Well, this weekend I have been kind of sick. I’m sure I should take care of myself better, but sometimes I just kind of feel apathetic toward that aspect of my life. It’s hard to explain. It’s really just little things, anyway. I really don’t want to live to be a very old man, so perhaps this is just a means to an end?
I realized a few things over the weekend, as well. People are so self-serving… I’m starting to think that I’m the only one who feels this way, though. It’s funny how friendships are formed. What’s even better is how they fall apart with one of the person’s desires. It’s so childish to me. Then again, I am dealing with children a lot at work, so it shouldn’t be much of a surprise to me. Eh, and I fear that one of the new girls likes me. It’s not a bad thing, but I don’t like her like that. Feh, and she’s so much more forward than most girls. Her confidence borders on arrogance. What I mean to say is, she doesn’t really know me, so what gives her the right to act the way she does? Oh, well.

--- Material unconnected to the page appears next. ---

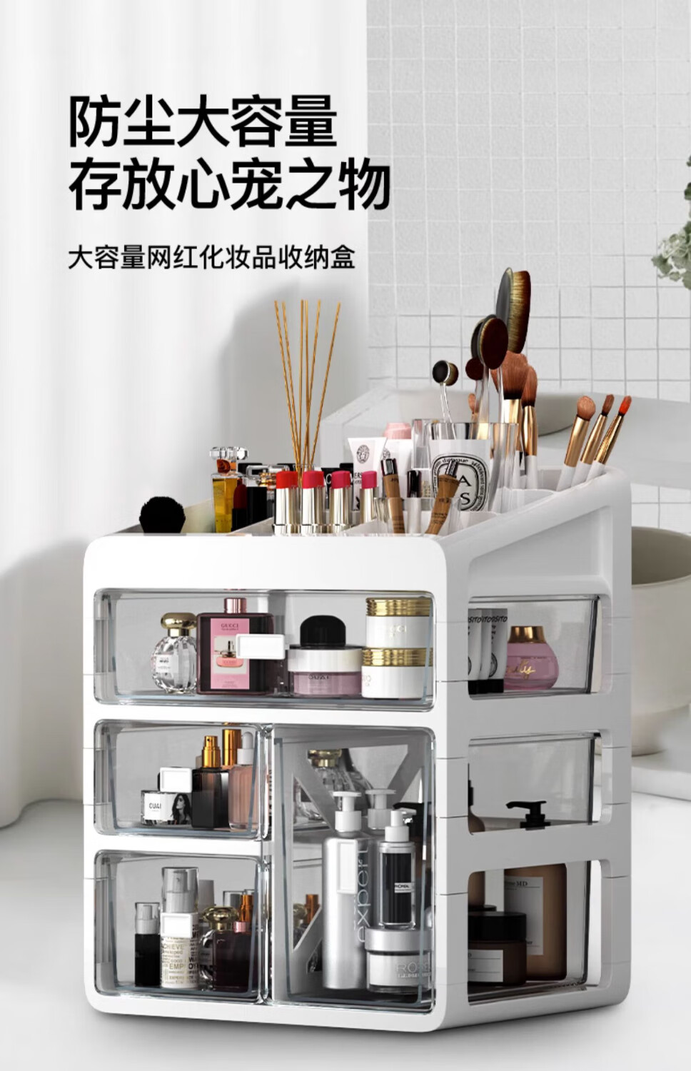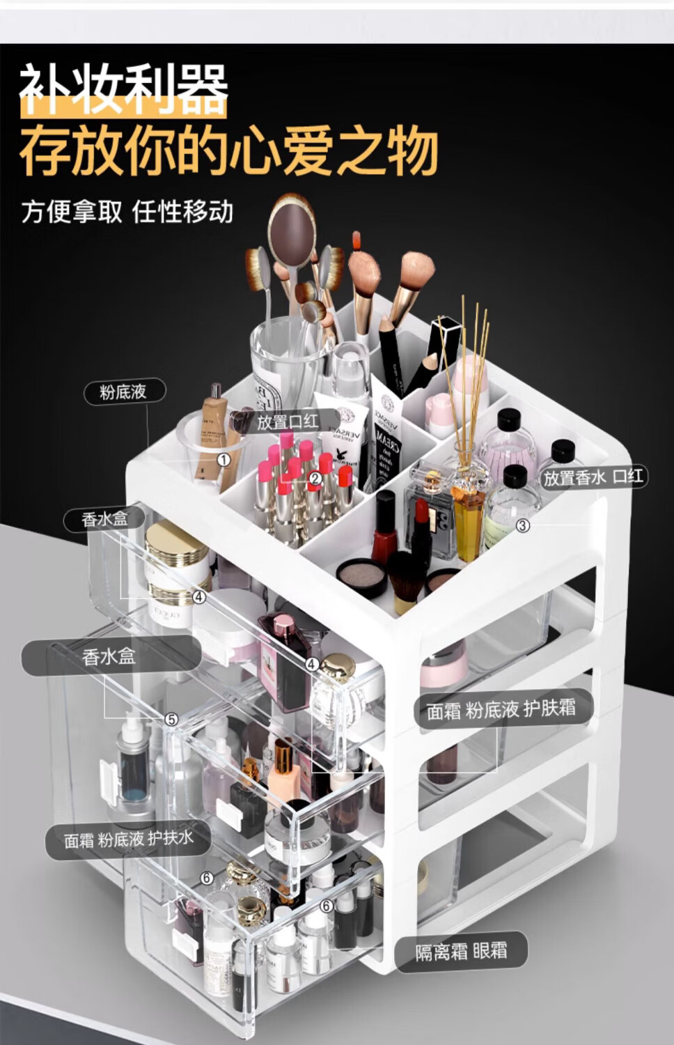 Nifeng Cosmetic Storage Box Dressing Table Desktop Lipstick Mask Jewelry Skin Care Dustproof Organizing Drawer Storage Shelf Small Basic Model-Two Layers

Oh! No best-concert-in-the-world for Scott. Plans got changed… It’s not like there won’t be something else some time, I’m sure…
May 18th, 2006
Sincere and Kind
I think what it boils down to is that I just want someone who is sincere and kind. I know I’m too young for marriage. I’ve got a lot of plans that, quite frankly, don’t involve anyone else like that. I’ve all but decided to join to the Peace Corps after I graduate from college. I was actually thinking about a paper I’d written; it was an expression of being able to live without the things most of us acquire: money, clothing, a car, etc. I said that I wouldn’t have a problem if those kinds of things were taken away, because I don’t place my security in them. I hadn’t considered taking them from myself, but that’s exactly what the Peace Corps would mean for two years. I like that idea a lot.

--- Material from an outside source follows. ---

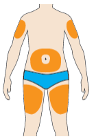 - Vous pouvez injecter le médicament dans (voir image) :

Another idea I like a lot is mini-golf with friends on Tuesday at Mountasia. So far, it’s definitely Jason and Cassi. We’ve asked the other Jason and I’m hoping Melissa will come along, too. The more the merrier, right? I can’t wait!
May 16th, 2006
You Take My Air To Breathe
Demon, rock away…
Plant alone: Plant
Okay, laugh if you want. I like how this turned out. It’s a plant amidst grass.
May 14th, 2006
It’s Okay If You Break
Now that he is you
Does he feel dead somehow
And where does that leave you
Isn’t it a wonderful thing to be human? Mmm… I’m free to not regret anything I do, but I could if I wanted to. If it’s the truth, I’ll say it, but I could lie just the same. It sometimes feels like we can protect people by hiding things from them, but we could reveal them in the same way. Are you familiar with the term “damage control?” It’s tragic that people who seem to have such power over things are really so powerless, given to worthless things, like avarice, depravity, etc.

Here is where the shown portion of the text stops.